Objective: Rheumatoid arthritis (RA) is a chronic and disabling disease frequently leading to physical and psychological dependence, with considerable economic consequences. The aim of our study was to perform a cost-of-illness analysis for RA according to the four different levels of functional RA severity.
Methods: Direct costs (hospitalisations, treatments, diagnostics and the non-medical costs), indirect costs (productivity losses and informal care), and intangible costs (deterioration in the quality of life of patients, their families and friends assessed by the Medical Outcome Survey Short Form and the Stanford Health Assessment Questionnaire) were measured in 200 RA patients.

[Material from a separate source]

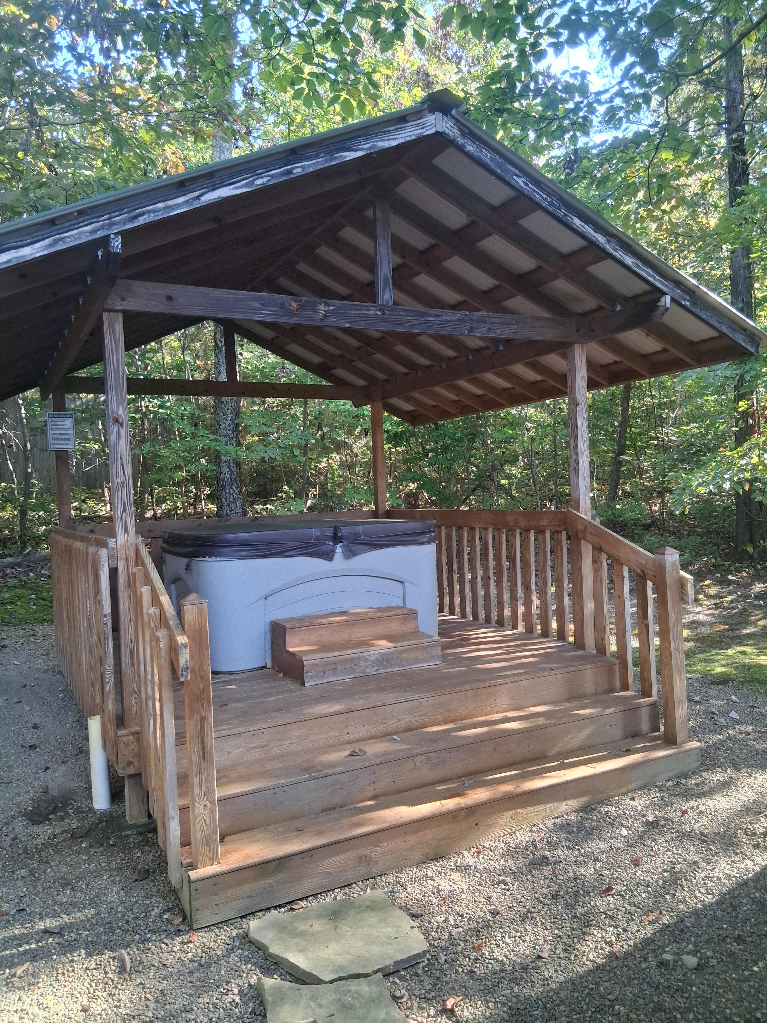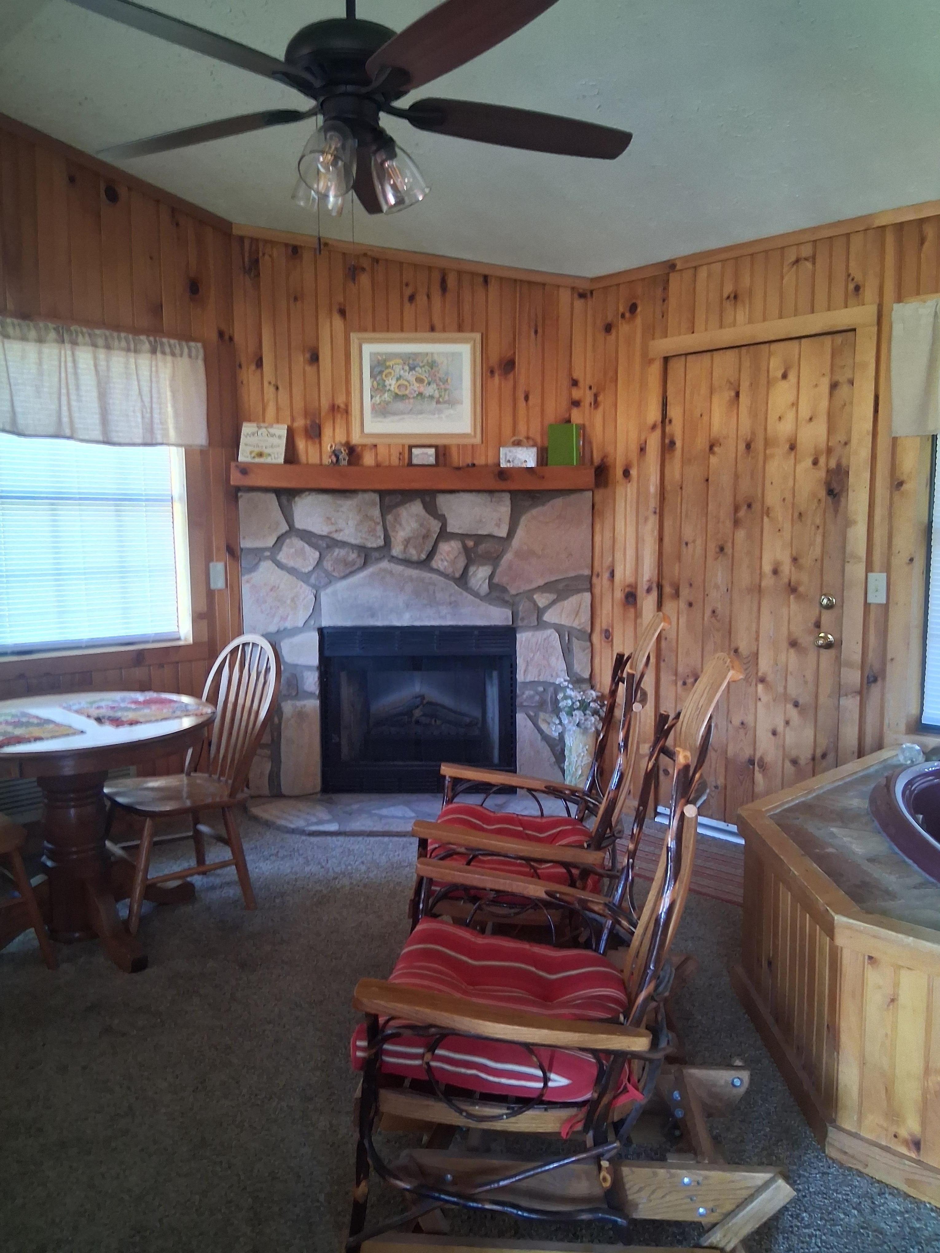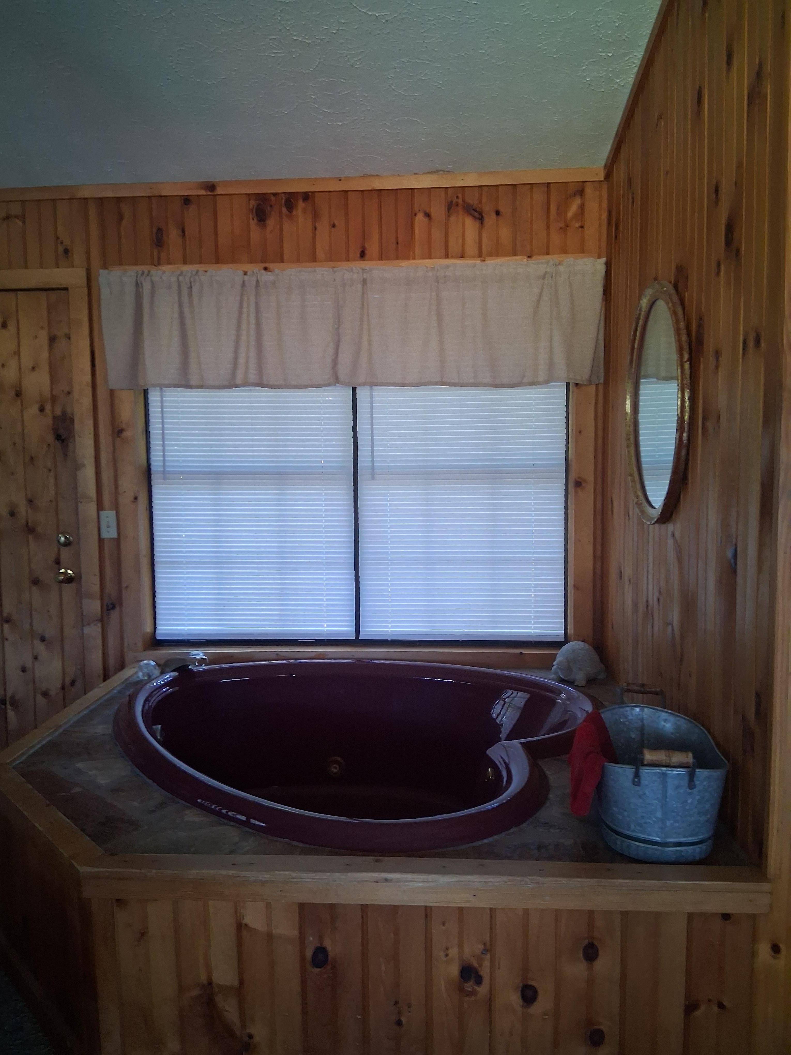 You will be staying in a beautiful one room cabin that is just perfect for couples! This cabin has a queen size bed, full kitchen, fireplace, heart shaped jacuzzi indoor tub, bathroom w/shower, flat screen TV with satellite, rocking chairs inside and outside, a private hot tub out back, charcoal grill and a picnic table! You will truly feel at home when staying in this little cabin. We hope to see you soon!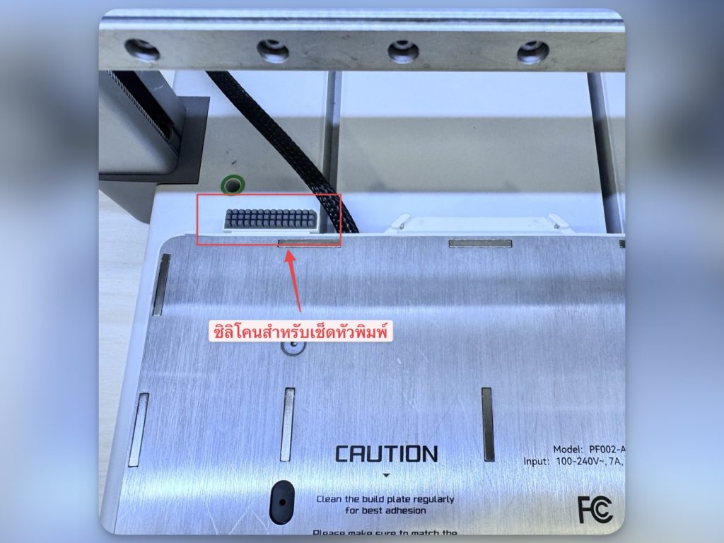 สำหรับด้านหลังของฐานปริ้น จะมียางซิลิโคน มีหน้าที่เช็ดหัวพิมพ์ ก่อนที่เครื่องจะทำการปริ้น และวัดฐาน เครื่อง A1 Combo มีระบบวัดฐานปริ้นแบบอัตโนมัติ ที่จะใช้หัวฉีดกดลงไปที่ฐานปริ้น ก่อนปริ้นทุกครั้ง ดังนั้นหัวปริ้น ต้องสะอาดไม่มีเศษพลาสติกติดที่หัว การทำความสะอาดหัวฉีด จึงจำเป็นสำหรับเครื่อง A1 Combo

Results: The social costs--direct plus indirect costs--increased as RA worsened. The direct costs increase very significantly (p < 0.0005) among the four functional classes (respectively Euro 1643.4 - 2910.2 - 4236.5 - 5696.8), likewise the indirect costs (respectively Euro 2704.9 - 9566.4 - 12183.1 - 17249.2). Moreover social costs, analysed independently from the functional classes, are significantly higher in patients with other concomitant diseases. As far as the intangible costs are concerned, for all the areas explored by the scales used, the high impact of RA on the quality of life of RA patients was markedly evident. Female gender and co-morbidity are associated with higher costs.
Conclusions: In Italy, the indirect costs account for the highest cost for management of RA patients. Considering that costs increase with RA progression, the patients who show a rapid evolution of the functional damages should be identified early based on risk indicators.